生ぬるいと騒ぐ大臣達に『龍王』となった偉功を大いに誇示し、黙らせたフェイロンの手腕は流石というしかなかった。
ホンとは別れ際、少しだけ言葉を交わした。
全ては玄武のせいだと朱雀に聞かされていたホンだったが、やけにスッキリと澄んだ瞳でこちらを見た。
「ヤンがいなかったら、多分こんな事しなかったと思うけどーー正直、後悔はない。こんな事言うとお前は反省してないって言うかもしれないけどさ。一生かけて償うけど。俺は、人生であんなにも渇望したことはなかったよーー」
グアンは何も言えなかった。
朱雀の背に乗り、遠い新天地へと飛び立ったホンの背中を思い起こしながらグアンは思う。

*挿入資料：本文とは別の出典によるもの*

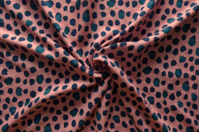 A Lovely Viscose Challis Lawn Digital Abstract Spot Print in Tones of Candy PInk, Oxford Navy, Teal & Bottle Green
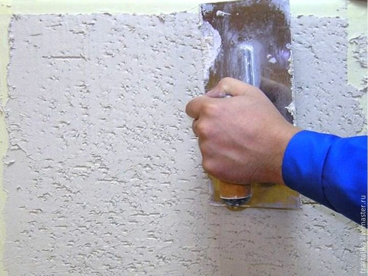 2. Делаем фактуру Ложкой или узким шпателем выкладываем на широкий шпатель шпаклёвку-краску. Наносим лёгкими короткими движением, буквально едва касаясь стены, толстый слой шпаклёвки, примерно 1-1,5 см, и совсем чуть-чуть распределяем по стене, слегка надавливая на шпатель рукой. Инструмент держим почти параллельно стене, и так и ведём, как бы снимая верхний слой. Это движение, без коротких мазков, оставляет красивый пупырчатый след после первого захода.

お前に、この『星印』があったなら違ったのだろうかーー。
母を早くに亡くしたフェイロン。
臣籍に降り養子となったホン。
早くに親元を離れたグアン。
自分たちは、いつもどこか孤独だった。
三人で身を寄せ合い、それでも幼少期を何事もなく過ごせたのは三人共に孤独だったからだ。
だが、グアンは手に入れてしまった。
『星印』の中に青龍は確かに息づいている。
グアンは孤独では無くなった。それをホンも感じたのだろう。
ホンにも『星印』があったならーー。
だが、『星印』はグアンのものになった。
もしこの『星印』が自由に渡せるものならホンに渡しただろうか?
答えは『否』だ。
『星印』は死ぬまで手放すつもりはない。
ホンに奪われたなら差し違えても取り戻すだろう。
(すいません、ホンーー)
『星印』に選ばれたのは自分だった。
ほの暗い優越感と少しの罪悪感を胸に今日もグアンは筆をとる。
手紙は朱雀の使役する小鳥が運んでくれる。
最近の宮殿は幸せな出来事ばかりで、必然と内容もその知らせが多くなる。
(こんな不甲斐ない友人でも、あなたの幸せを祈っていいだろうか)
どこを向いても幸せな香りがする宮殿の中で、ホンの笑顔が無いことに胸が痛む。
ここではない、何処かで、彼の心の隙間を埋めてくれるものがいつか現れればいい。
それが暖かな春の日差しの様に優しく彼を包んでくれればーー。
願わくば、青龍の司る春がどうかホンにも届きますように。
そう願いながら、グアンは手紙の封を閉じた。